You can’t talk about the Ambience Affair without mentioning the live show. You may have seen it on the album tour a few weeks ago. You’ll get another chance to see it when they support Lisa Hannigan next month. The grandiose nature of Burials is ratcheted up even more so for a show that when I saw it in Cyprus Avenue lasted nearly an hour. Clarke says they had worked on the show throughout the summer, trying to perfect it. The loop station is still by Clarke’s feet as it was in the early days. But the pounding of feet, the sweat and the screams sound – and smell – as fresh as ever. When ‘To Be Led’ feeds into ‘The Fallen’, as it does on the album, there’s almost a sense of euphoria, like you’re watching the band attempt it for the first time. Sadly, there was little more than a handful of people at the show, through no fault of the band (though they do address this in a blog post here).

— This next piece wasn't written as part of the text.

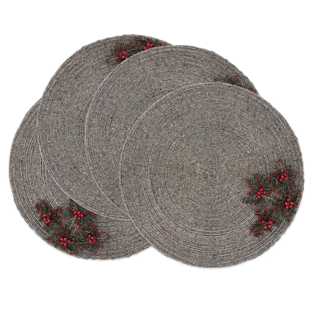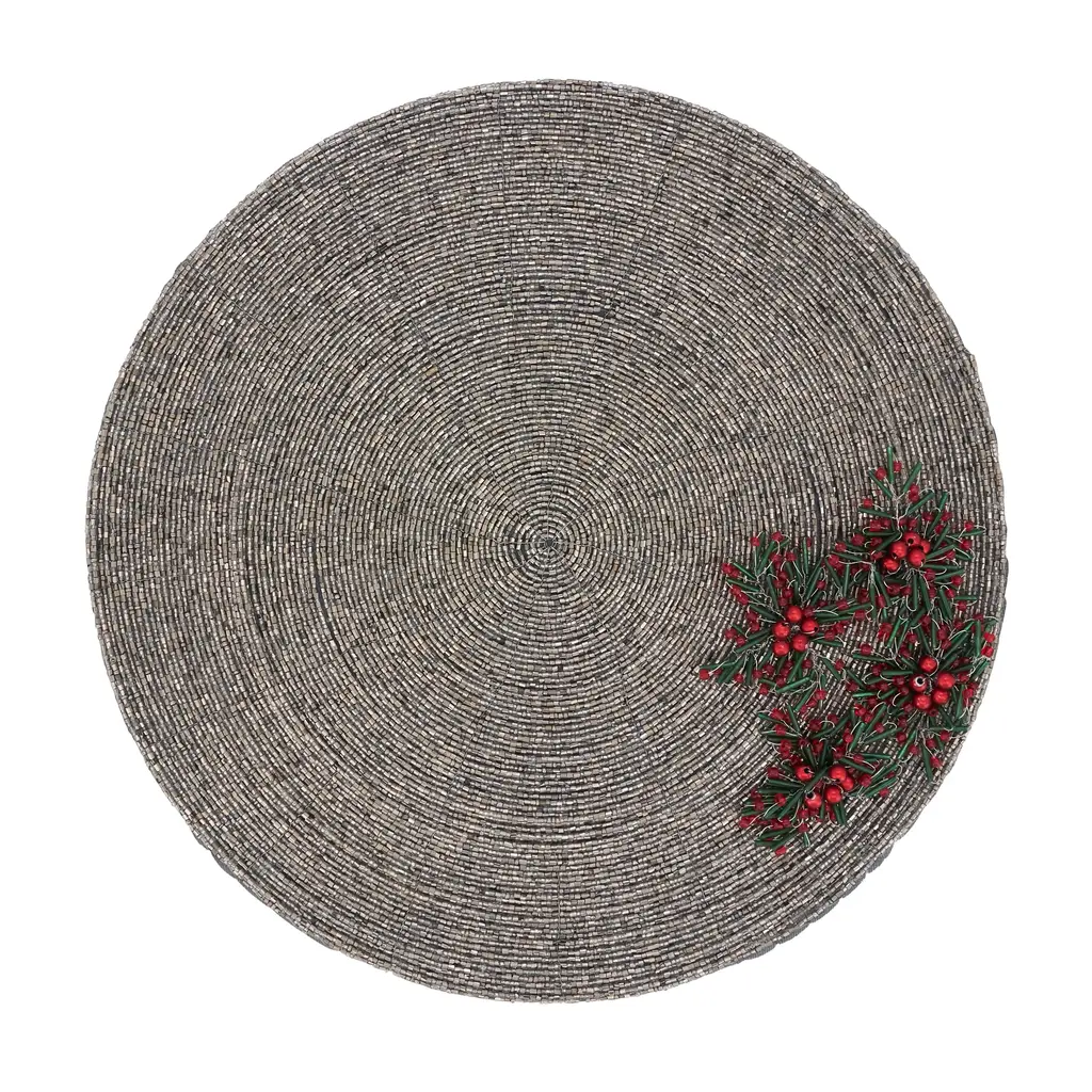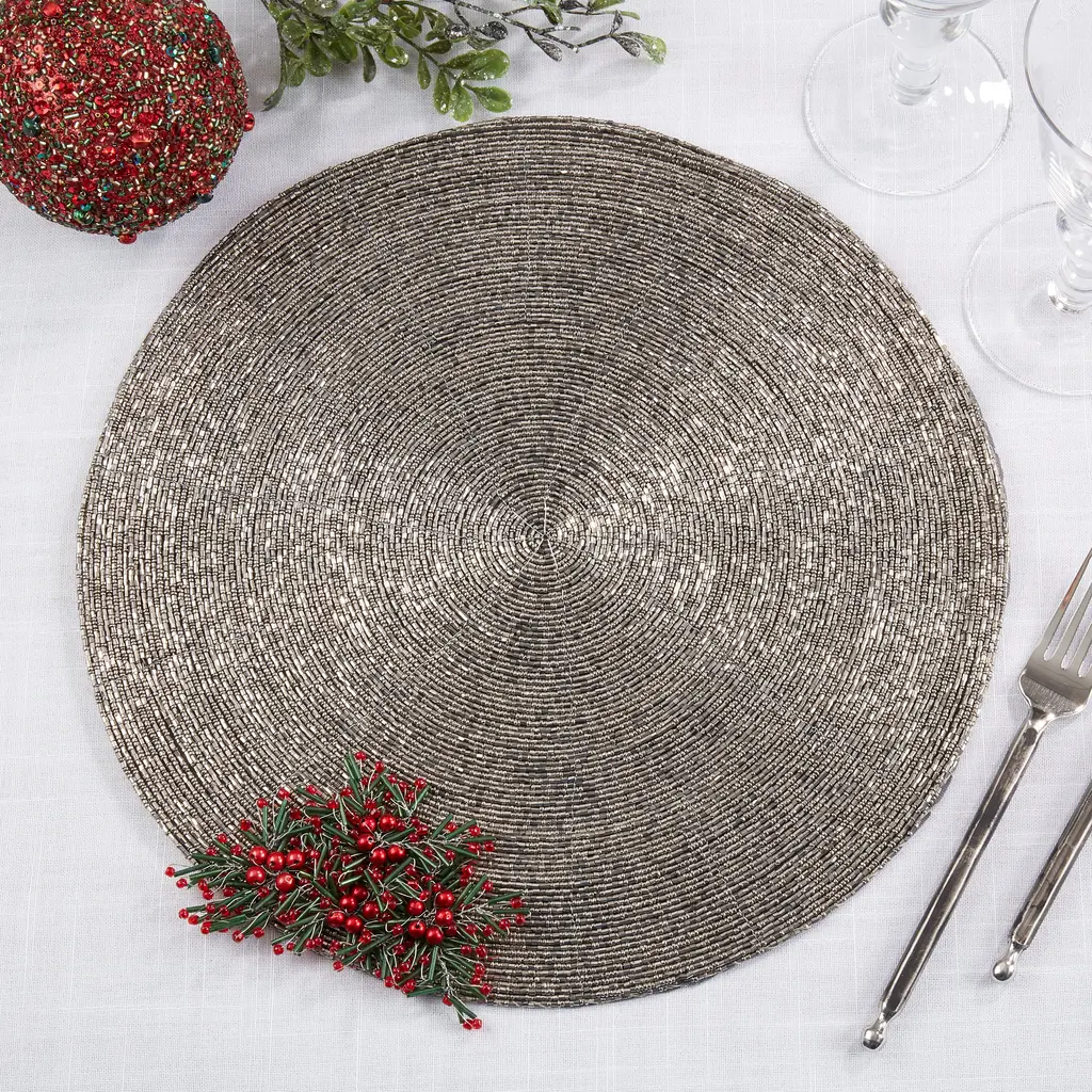 Elevate your table setting with this set of Beaded Flower Placemats. Intricately adorned with beaded floral motifs, they bring a touch of elegance and whimsy to any occasion. Crafted with meticulous attention to detail, these placemats add a captivating and stylish flair, perfect for adding a pop of beauty to your dining experience.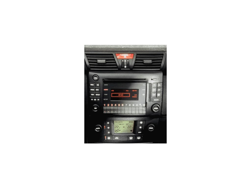 Plastový adaptér + kovový rámeček slouží pro montáž neoriginálního 2DIN autorádia.

One thing that sticks with you, and especially if you play guitar, is that never once does Clarke make a mistake with his trusty sidekick. The loop station is in perfect harmony with the singer and band throughout. Does he ever make mistakes with it? “It’s good craic, yeah. There are other ways of doing it, which are a bit more expensive – you can have foolproof… loops. In a way, yeah, it’s still really difficult but it’s the only way I know how to do things. And I guess we played some of the songs… on the tour five, six or seven hundred times at this stage. And it’s still interesting for me because I can still mess up – it’s all in the challenge. It doesn’t matter how many times you play the songs they’re still new in a way; you’re still trying to perfect it and chase the elusive dream, which is a perfect set, a perfect game with no mistakes. That keeps you going, keeps you fresh, keeps you energised for the next show. Unless you have a terrible gig where you make 20 or 50 mistakes. And then you think you’ve taken a step back. But, touch wood, that thankfully hasn’t happened in some time.”

Clarke is never more confident when he’s talking about how much he believes in the band. Despite that disappointed blog post, there was one thing Clarke said in the interview with me that is as striking now as it was a few weeks ago and still will be next year and probably the year after that too. “We want to blow people away as much as we can, and for it to be captivating, epic and everything I look for in a live performance,” Clarke says, with no sign of a quiver in his voice. “It’s all for that moment in time.”